On my side, this is because I have both cgroups v1 and v2 and v2 is mounted in a different path:

$ mount | grep cgroup
tmpfs on /sys/fs/cgroup type tmpfs (ro,nosuid,nodev,noexec,size=4096k,nr_inodes=1024,mode=755,inode64)
cgroup2 on /sys/fs/cgroup/unified type cgroup2 (rw,nosuid,nodev,noexec,relatime,nsdelegate)
cgroup on /sys/fs/cgroup/systemd type cgroup (rw,nosuid,nodev,noexec,relatime,xattr,name=systemd)
cgroup on /sys/fs/cgroup/freezer type cgroup (rw,nosuid,nodev,noexec,relatime,freezer)
cgroup on /sys/fs/cgroup/net_cls,net_prio type cgroup (rw,nosuid,nodev,noexec,relatime,net_cls,net_prio)
cgroup on /sys/fs/cgroup/cpuset type cgroup (rw,nosuid,nodev,noexec,relatime,cpuset)
cgroup on /sys/fs/cgroup/memory type cgroup (rw,nosuid,nodev,noexec,relatime,memory)
cgroup on /sys/fs/cgroup/perf_event type cgroup (rw,nosuid,nodev,noexec,relatime,perf_event)
cgroup on /sys/fs/cgroup/cpu,cpuacct type cgroup (rw,nosuid,nodev,noexec,relatime,cpu,cpuacct)
cgroup on /sys/fs/cgroup/pids type cgroup (rw,nosuid,nodev,noexec,relatime,pids)
cgroup on /sys/fs/cgroup/hugetlb type cgroup (rw,nosuid,nodev,noexec,relatime,hugetlb)
cgroup on /sys/fs/cgroup/blkio type cgroup (rw,nosuid,nodev,noexec,relatime,blkio)
cgroup on /sys/fs/cgroup/rdma type cgroup (rw,nosuid,nodev,noexec,relatime,rdma)
cgroup on /sys/fs/cgroup/devices type cgroup (rw,nosuid,nodev,noexec,relatime,devices)

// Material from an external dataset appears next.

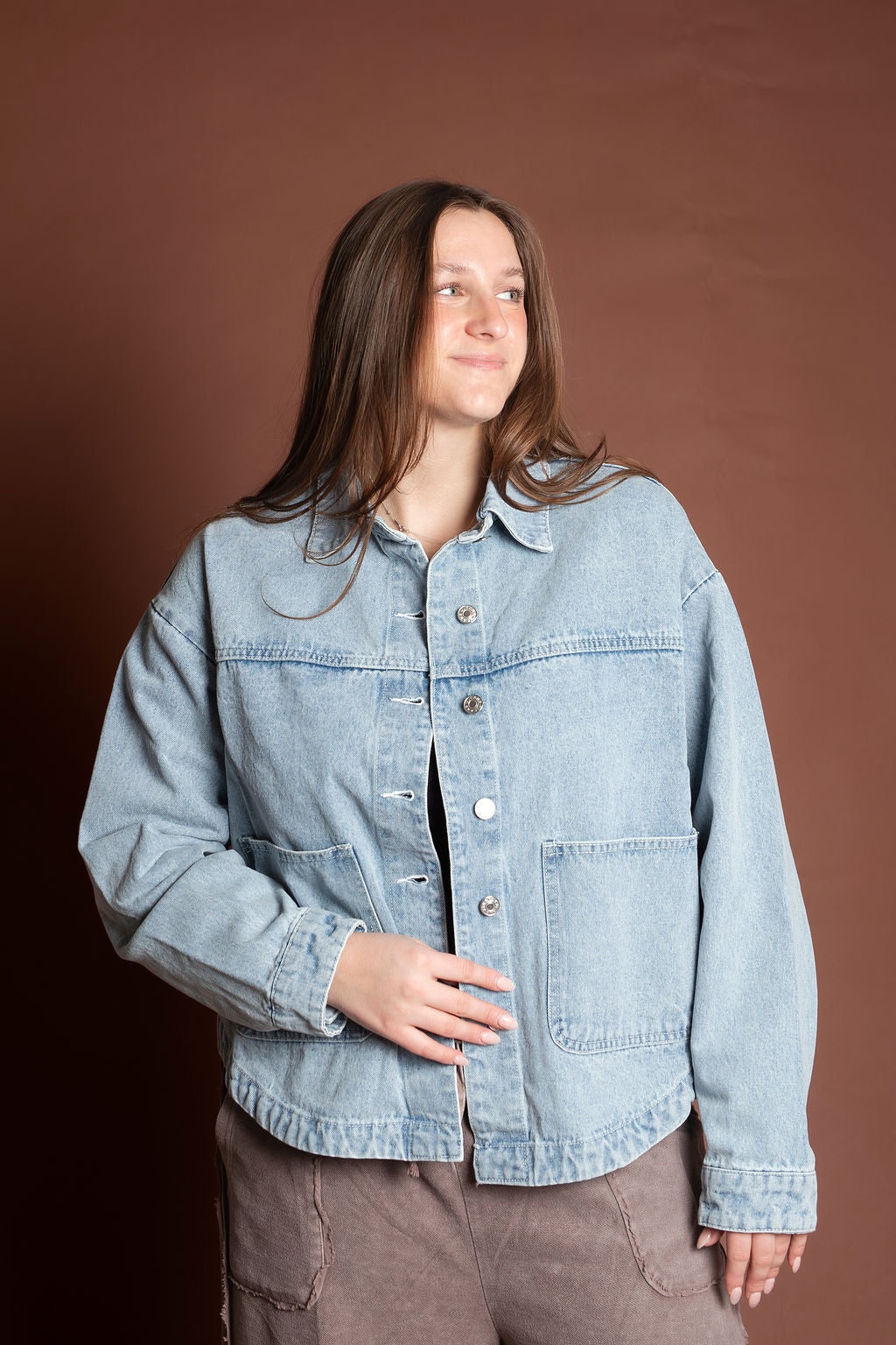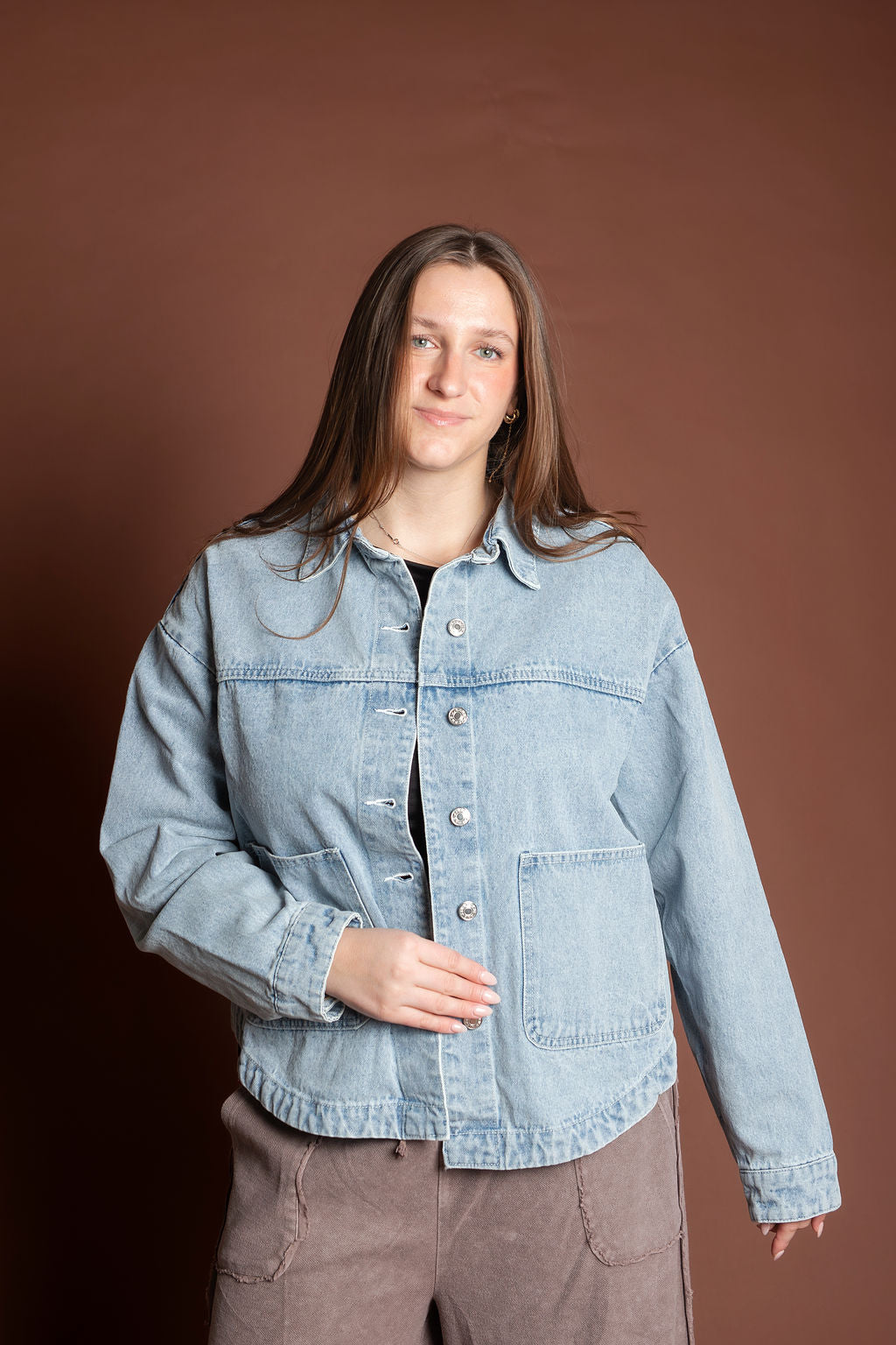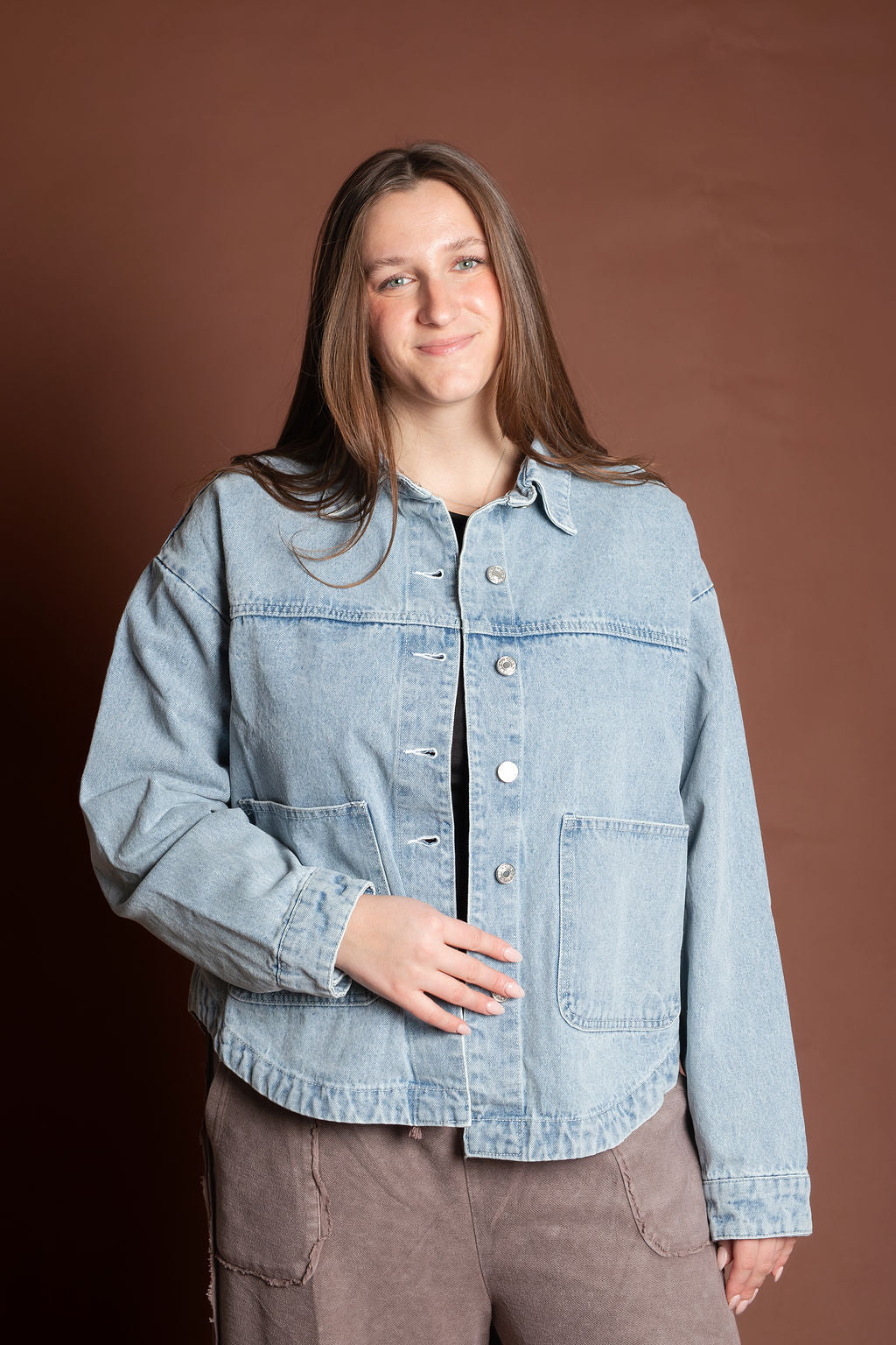 This short length denim jacket features a slight boxy fit that's perfect for spring and summer layering. Crafted from classic denim and imported for quality construction, it's a versatile staple with a buttoned front closure that works with any casual wardrobe.

I was able to resolve this issue with the --cgroupv2_mount=/sys/fs/cgroup/unified flag:

$ sudo ./nsjail --cgroup_mem_max 104857600  --user 99999 --group 99999 --disable_proc --chroot / --time_limit 100 /bin/bash --use_cgroupv2 --cgroupv2_mount=/sys/fs/cgroup/unified
[I][2022-05-20T01:29:02+0200] Mode: STANDALONE_ONCE
[I][2022-05-20T01:29:02+0200] Jail parameters: hostname:'NSJAIL', chroot:'/', process:'/bin/bash', bind:[::]:0, max_conns:0, max_conns_per_ip:0, time_limit:100, personality:0, daemonize:false, clone_newnet:true, clone_newuser:true, clone_newns:true, clone_newpid:true, clone_newipc:true, clone_newuts:true, clone_newcgroup:true, clone_newtime:false, keep_caps:false, disable_no_new_privs:false, max_cpus:0
[I][2022-05-20T01:29:02+0200] Mount: '/' -> '/' flags:MS_RDONLY|MS_BIND|MS_REC|MS_PRIVATE type:'' options:'' dir:true
[I][2022-05-20T01:29:02+0200] Uid map: inside_uid:99999 outside_uid:0 count:1 newuidmap:false
[W][2022-05-20T01:29:02+0200][30304] logParams():265 Process will be UID/EUID=0 in the global user namespace, and will have user root-level access to files
[I][2022-05-20T01:29:02+0200] Gid map: inside_gid:99999 outside_gid:0 count:1 newgidmap:false
[W][2022-05-20T01:29:02+0200][30304] logParams():275 Process will be GID/EGID=0 in the global user namespace, and will have group root-level access to files
[I][2022-05-20T01:29:02+0200] Setting 'memory.max' to '104857600'
[E][2022-05-20T01:29:02+0200][30304] writeBufToFile():95 Couldn't open '/sys/fs/cgroup/unified/NSJAIL.30305/memory.max' for writing: No such file or directory
[W][2022-05-20T01:29:02+0200][30304] writeToCgroup():61 Could not update memory.max
[E][2022-05-20T01:29:02+0200][30304] initParent():411 Couldn't initialize cgroup 2 user namespace for pid=30305
[F][2022-05-20T01:29:02+0200][1] runChild():469 Launching child process failed

But as we can see, now I am getting the error that @carlbordum was getting:

[E][2022-05-20T01:29:02+0200][30304] writeBufToFile():95 Couldn't open '/sys/fs/cgroup/unified/NSJAIL.30305/memory.max' for writing: No such file or directory

So what happens here? Well, while the cgroup v2 memory controller indeed does expose such file it does not exist on my side because… I don’t have a memory cgroup v2 controllers enabled or even available! 😦

We can see that here, as according to this kernel documentation page the cgroup.controllers file should list us the available controllers (e.g. memory io cpu):

$ cat /sys/fs/cgroup/unified/cgroup.controllers 
$

But it shows nothing instead! So why is that? Why are there no cgroupv2 controllers available?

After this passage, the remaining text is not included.